**Exercise:**
In your copy, leave out the pictures and output only the lines from the one holding "Denali Gold features" through the end of the data below, exactly.

**Data excerpt:**
▽
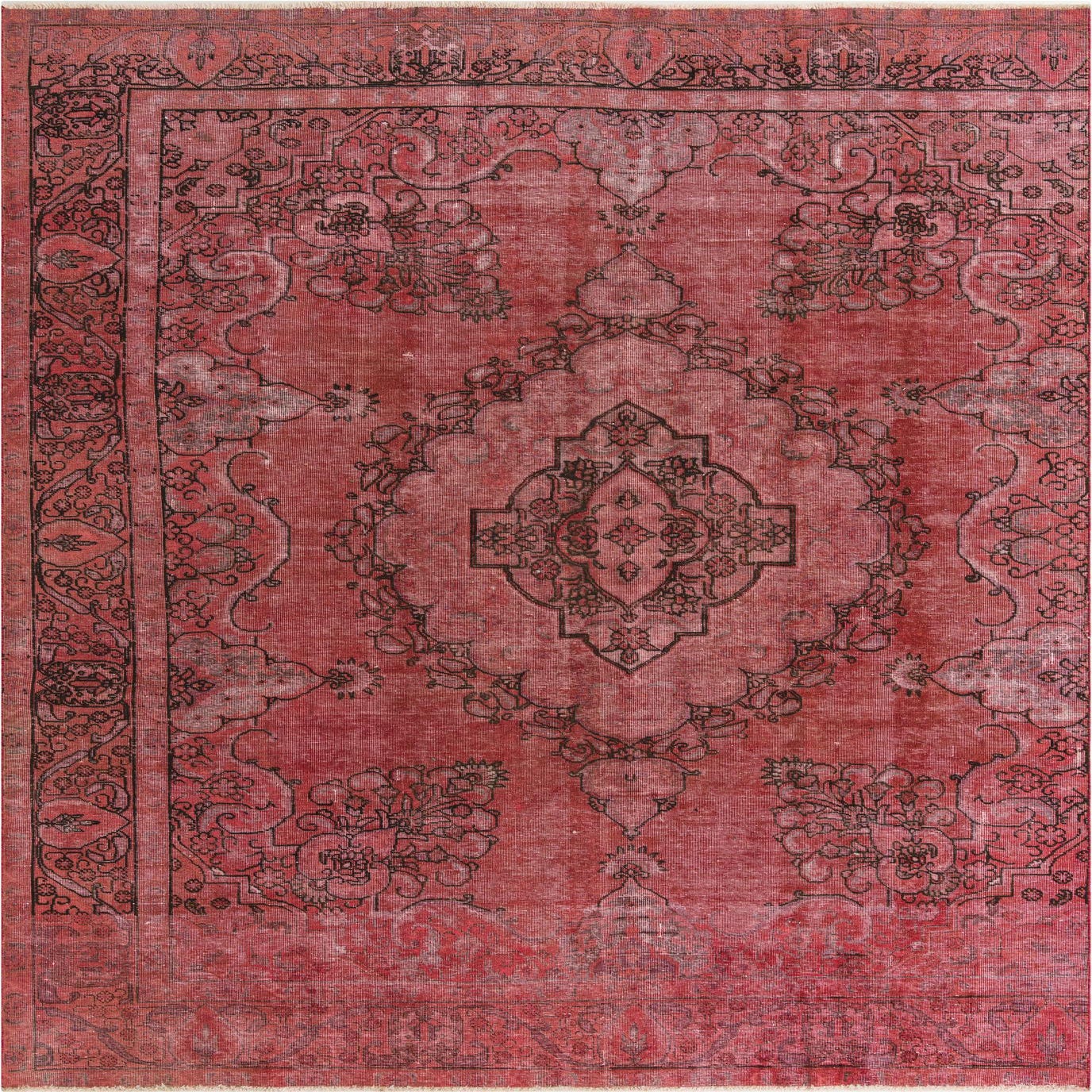 A 9x12 rectangular Ultra Vintage Persian rug in faded red with a dark medallion and intricate floral patterns.
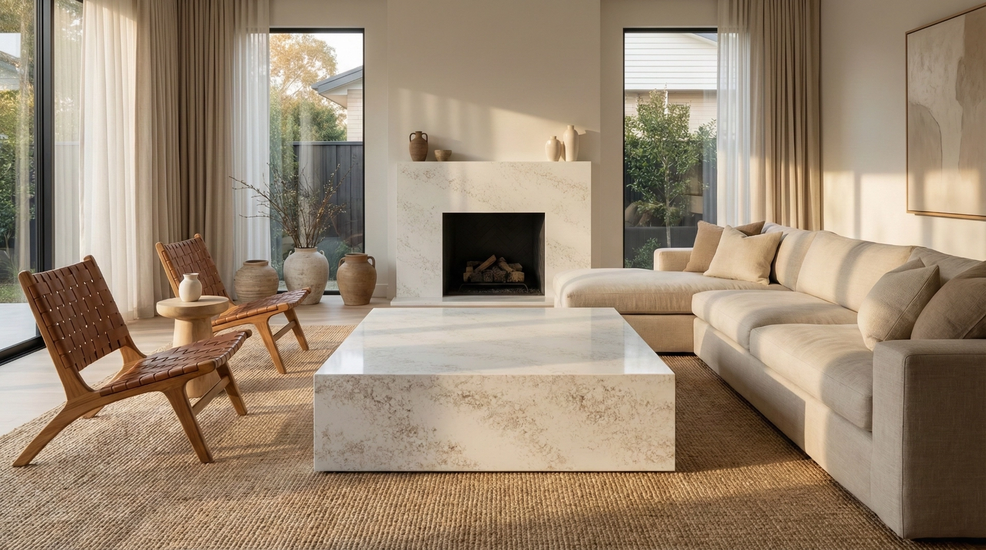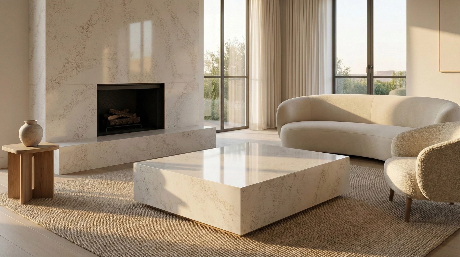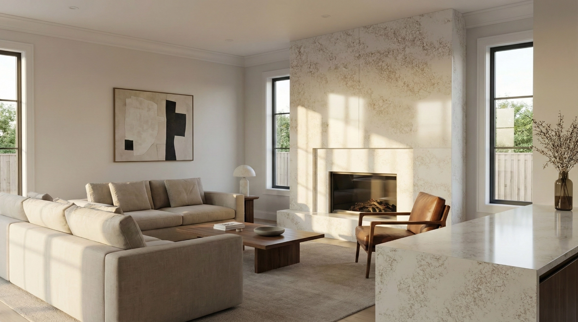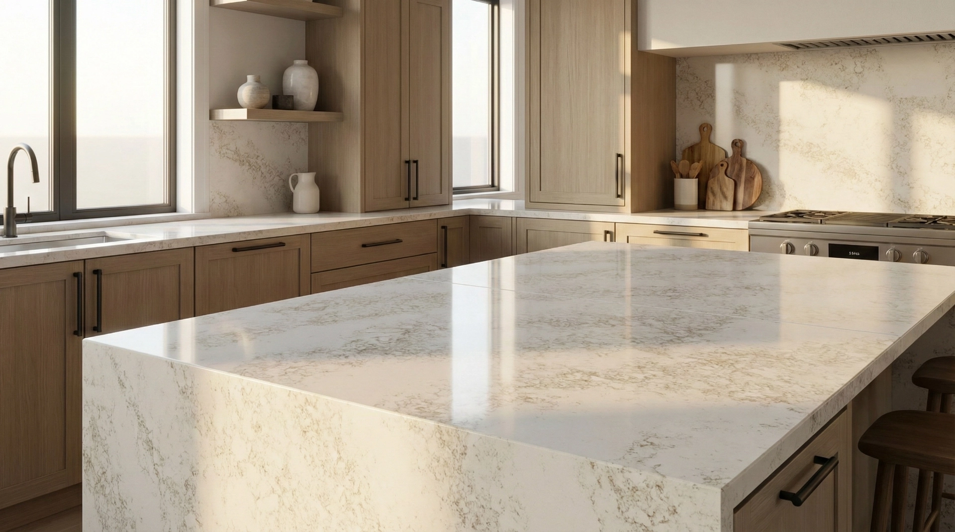 Denali Gold features a soft, elegant surface with a warm white base gently infused with subtle golden-beige veining. The pattern is finely textured and evenly dispersed, creating a delicate, cloud-like appearance rather than bold, linear movement. Flecks and wisps of muted gold and light taupe add depth and warmth, giving the surface a natural, stone-inspired character without overpowering the overall brightness. The result is a refined, airy aesthetic that feels timeless and versatile—ideal for spaces seeking a light, sophisticated look with understated warmth.
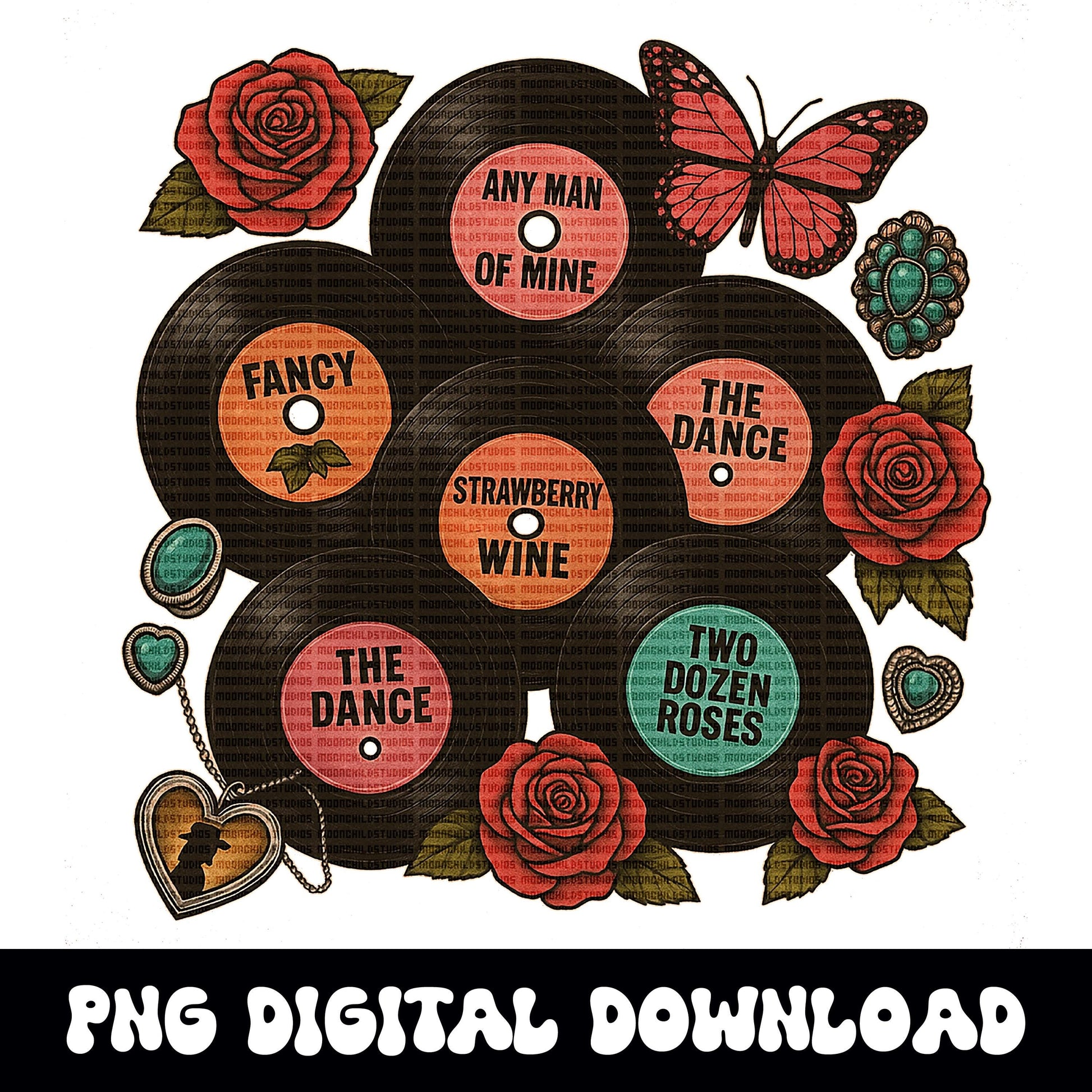 90s country music records western cowgirl butterfly turquoise png graphic digital download for tshirt sublimation or dtf
△
**Answer for the task:**
 Denali Gold features a soft, elegant surface with a warm white base gently infused with subtle golden-beige veining. The pattern is finely textured and evenly dispersed, creating a delicate, cloud-like appearance rather than bold, linear movement. Flecks and wisps of muted gold and light taupe add depth and warmth, giving the surface a natural, stone-inspired character without overpowering the overall brightness. The result is a refined, airy aesthetic that feels timeless and versatile—ideal for spaces seeking a light, sophisticated look with understated warmth.
 90s country music records western cowgirl butterfly turquoise png graphic digital download for tshirt sublimation or dtf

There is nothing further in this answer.